> **Exercise prompt**:
Print exactly the lines below between the line containing "Κάνοντας χρήση δακρυγόνων" and the line containing "种类: 小头锥角销类型: 台阶型特征: 圆型材质: SK95", counting both of those lines. Leave pictures out.

☆ ☆ ☆ ☆

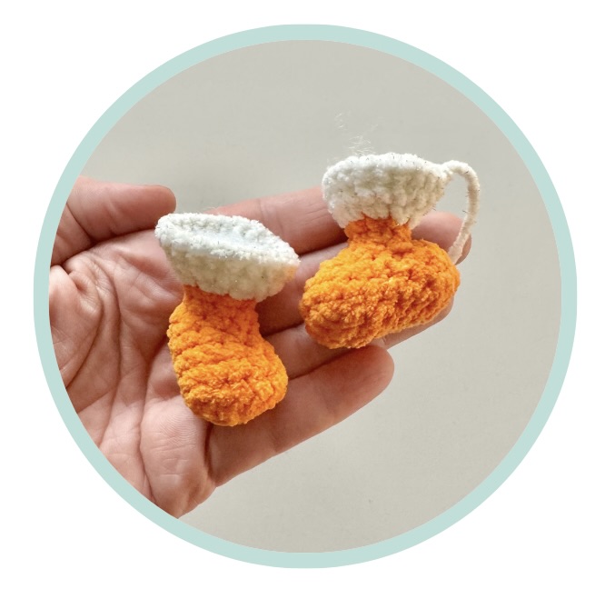 Sl st into the next st to FO and cut yarn. Weave your tail through FLO of the remaining 5 sts, pull to close and hide the ends inside of the feet. Stuff the feet lightly.
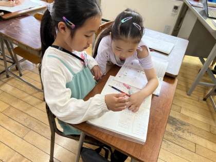 算数科の学習では、筆算の仕方について考えています。「どんなふうに考えたの」と互いの考えを聴き合いました。
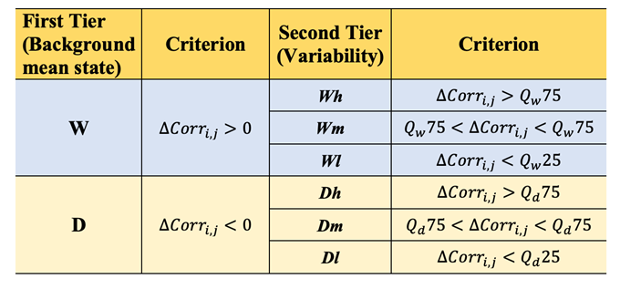 基于以上分析,研究提出了基于蒸散发-土壤水耦合机制的双级地表干燥度划分方案(图3)。其中,一级分类反映的是与AI相同的信息,即由蒸散发的能量/水量限制机制决定的地表湿润(W)和干燥(D)的条件。同时,由于∆𝐶𝑜𝑟𝑟与AI反映的不同信息是由下垫面空间异质性和陆气交互作用引起的,这意味着对蒸散发-土壤水耦合强度进行分类能够对极端天气气候事件具有指示意义。因此,在二级分类中,当耦合强度大于75百分位时,意味着此地区发生极端天气气候事件的风险较高(h),而低于25百分位时则风险较低(l)。
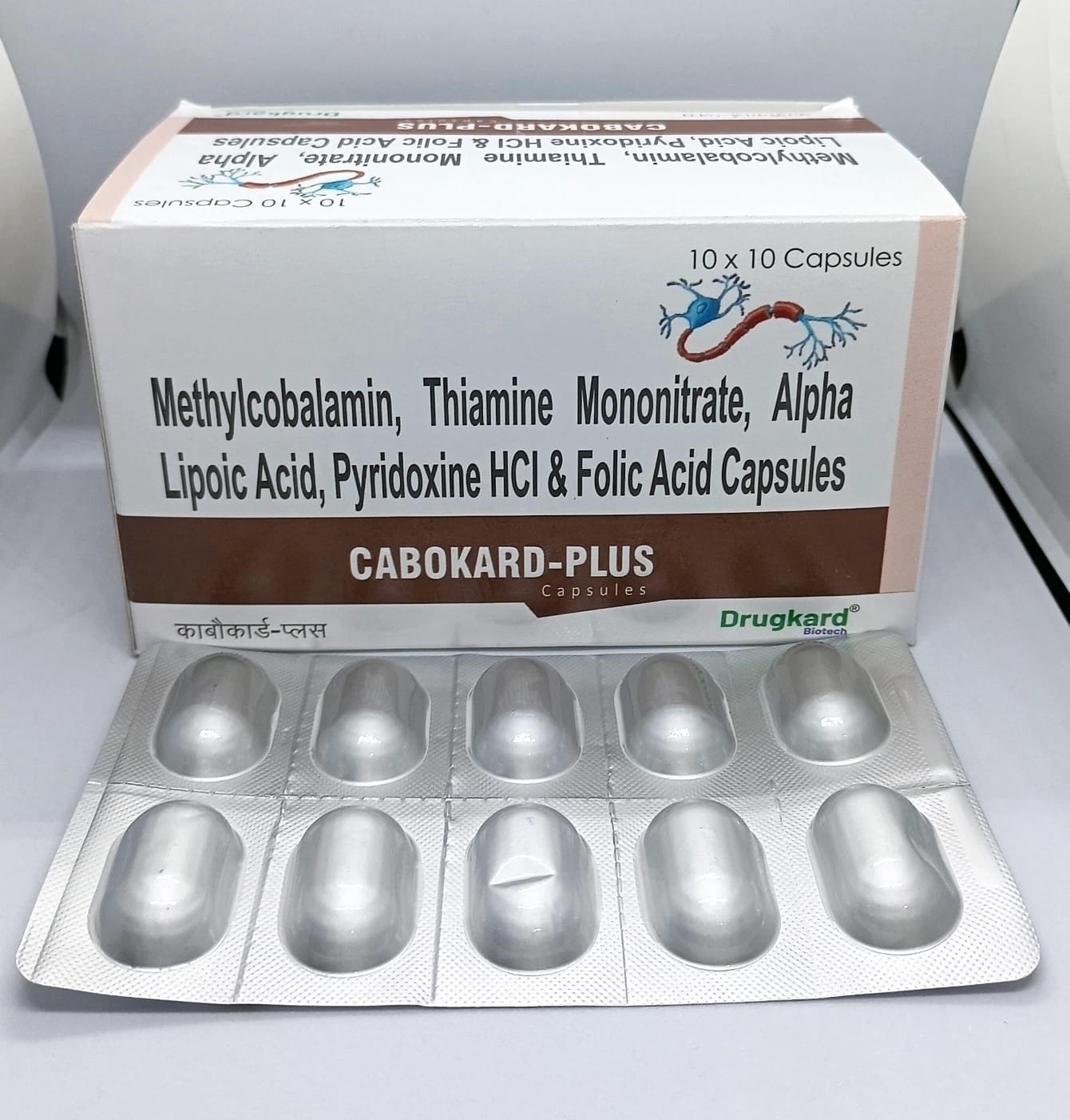 CABOKARD-PLUS is an advanced neurotropic formulation containing Methyl cobalamin, Alpha Lipoic Acid, Folic Acid, and Pyridoxine, designed for comprehensive nerve health support.
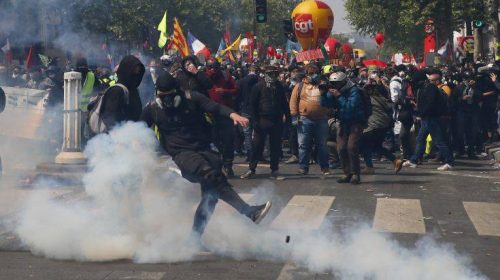 Κάνοντας χρήση δακρυγόνων η γαλλική αστυνομία προσπάθησε να απωθήσει μια ομάδα κουκουλοφόρων διαδηλωτών που ενώθηκαν με τα «Κίτρινα Γιλέκα» στην κεφαλή της πορείας για την Εργατική Πρωτομαγιά στο Παρίσι.
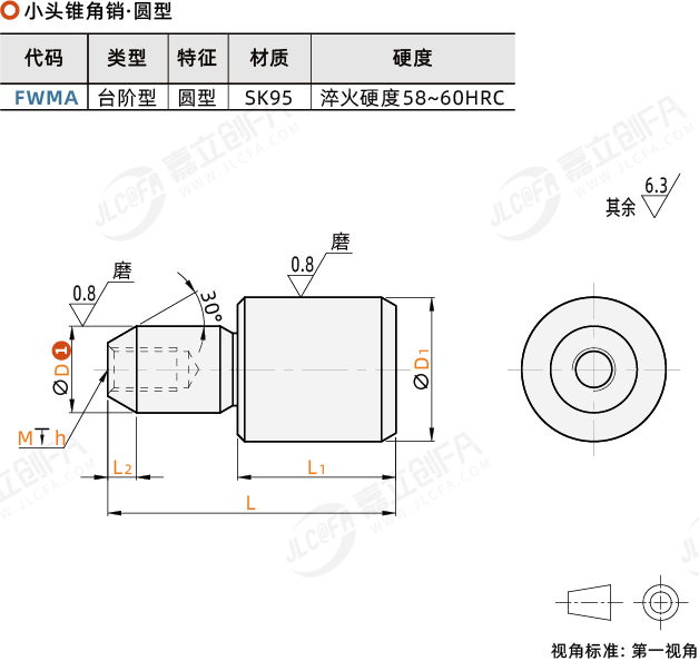 种类: 小头锥角销类型: 台阶型特征: 圆型材质: SK95
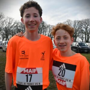 Ils avaient fait tous les deux le voyage de la neige, dans la semaine précédant celle de Carhaix, mais n’en sont pas revenus avec les mêmes dispositions. Lucas Guiheux, ressourcé, y a trouvé l’occasion de se relancer. Pour Paul Bourgault, la redescente a été plus difficile et l’heure aurait dû être plutôt au repos. Ils sont allés au bout de leurs forces néanmoins, et, dans ce contexte hyper relevé, c’était déjà très bien. Lucas est un bon 93e, à 2’25 du 1er (ce qui n’est pas si mal sur 4 658m), et Paul est 125e (sur 131 classés). Leur équipe d’Ille-et-Vilaine est 17e (sur 19 classées). Bravo en tout cas à tous les deux pour ce bel hiver de cross. Lucas en particulier a passé un cap notable. A Carhaix, il finit 6e Brétillien, la même place qu’à Saint-Onen La Chapelle. Vous notez les maillots orange : le CDA 35 a rendu hommage à Janzé Athlé !

☆ ☆ ☆ ☆

> **Answer to this exercise**:
 Κάνοντας χρήση δακρυγόνων η γαλλική αστυνομία προσπάθησε να απωθήσει μια ομάδα κουκουλοφόρων διαδηλωτών που ενώθηκαν με τα «Κίτρινα Γιλέκα» στην κεφαλή της πορείας για την Εργατική Πρωτομαγιά στο Παρίσι.
 种类: 小头锥角销类型: 台阶型特征: 圆型材质: SK95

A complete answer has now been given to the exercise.